Article 110 establishes that if the suspicions that prompted the boarding prove unfounded, the boarded vessel must be compensated for any loss or damage it may have suffered. This imposes on coastal States the responsibility to act on the basis of “reasonable grounds” and robust intelligence.

D. The Use of Force

The armed forces or maritime services of coastal States may only use force as a last resort and must have clear rules that allow them to fulfill their mission in accordance with the principles of necessity and proportionality, and with a view to avoiding endangering human life.
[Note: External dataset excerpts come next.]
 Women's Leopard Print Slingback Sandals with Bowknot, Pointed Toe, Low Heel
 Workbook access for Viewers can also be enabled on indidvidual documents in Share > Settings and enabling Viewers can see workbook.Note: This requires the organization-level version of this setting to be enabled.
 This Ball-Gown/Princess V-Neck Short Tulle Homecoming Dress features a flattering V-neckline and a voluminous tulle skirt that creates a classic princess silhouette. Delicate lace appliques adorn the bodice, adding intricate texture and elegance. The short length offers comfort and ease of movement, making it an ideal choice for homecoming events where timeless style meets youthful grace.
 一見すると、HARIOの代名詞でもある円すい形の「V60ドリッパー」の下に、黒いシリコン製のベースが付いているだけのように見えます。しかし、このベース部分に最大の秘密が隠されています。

However, as these are illicit activities, States are obliged to suppress them, whether due to obligations undertaken in international treaties or under domestic law.
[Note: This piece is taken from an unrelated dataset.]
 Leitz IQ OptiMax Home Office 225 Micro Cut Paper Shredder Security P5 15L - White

From the aspects outlined above arises the imperative need for States to develop and maintain effective Maritime Domain Awareness, understood as the effective understanding of all activities and elements related to the maritime domain that could impact protection, security, the economy, or the marine environment. This will entail the development of technical and military capabilities, or the implementation of agreements with countries that can provide supporting capabilities to achieve this goal.
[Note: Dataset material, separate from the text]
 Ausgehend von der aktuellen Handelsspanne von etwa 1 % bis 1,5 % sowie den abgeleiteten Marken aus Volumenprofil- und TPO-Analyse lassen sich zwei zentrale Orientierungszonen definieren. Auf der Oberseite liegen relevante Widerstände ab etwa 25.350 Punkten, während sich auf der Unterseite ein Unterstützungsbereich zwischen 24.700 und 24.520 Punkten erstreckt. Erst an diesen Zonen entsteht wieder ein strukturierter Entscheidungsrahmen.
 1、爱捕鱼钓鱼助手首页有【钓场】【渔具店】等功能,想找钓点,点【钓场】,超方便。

V. Conclusions: Toward Integrated Maritime Security

  • The validity and responsibility of Pacific coastal States to act against vessels engaged in illicit activities constitute a legal and geopolitical imperative. UNCLOS offers a robust, albeit sometimes diffuse, framework that enables such action, particularly through Article 33 (Contiguous Zone) and Article 108 (Drug Trafficking).
  • The real challenge does not lie in the absence of rights, but in the capacity and political will of States to exercise them effectively and in a coordinated manner.
  • Pacific States must invest in capabilities, both in material means and trained human resources, to achieve Maritime Domain Awareness that allows them to act and document the “reasonable grounds” that justify their actions.
  • The Pacific requires a network of bilateral and multilateral agreements (boarding agreements, real-time information-sharing) that can overcome the jurisdictional limitations of the EEZ and the high seas, establishing cooperation as the norm, as required by Article 108. Organizations such as the Permanent Commission of the South Pacific (CPPS) must serve as vehicles for this legal and operational harmonization.
  • Ultimately, the Pacific must cease to be a haven for criminals. Coastal States not only have the right, but also the solemn responsibility to exercise, actively and in strict accordance with the law, the prerogatives that UNCLOS grants them, to ensure that freedom of the seas is not confused with impunity. Maritime sovereignty in the 21st century is measured not only by the possession of territory, but by the effective capacity to defend its limits and interests against every threat that sails through its waters.

References

International Maritime Organization. (n.d.). Maritime Domain Awareness. https://www.imo.org/en/ourwork/security/pages/maritime-domain-awareness.aspx

García, F. (2025, September 16). ¿Ataque sin precedentes? Breve análisis y perspectiva. Estrategia. https://www.diarioestrategia.cl/texto-diario/mostrar/5428821/ataque-precedentes-breve-analisis-perspectiva

Morales, S. (n.d.). Geopolítica de los mares y océanos. Cuadernos de Estrategia, 224. Instituto Español de Estudios Estratégicos. https://www.defensa.gob.es/ceseden/-/cuaderno-de-estrategia-224

United Nations. (1982). United Nations Convention on the Law of the Sea. https://www.un.org/depts/los/convention_agreements/texts/unclos/convemar_es.pdf

United Nations. (1988). United Nations Convention against Illicit Traffic in Narcotic Drugs and Psychotropic Substances (1988 Vienna Convention). https://www.unodc.org/pdf/convention_1988_es.pdf

The opinions expressed in this article are those of the author and do not necessarily reflect the views of the Miami Strategic Intelligence Institute (MSI²).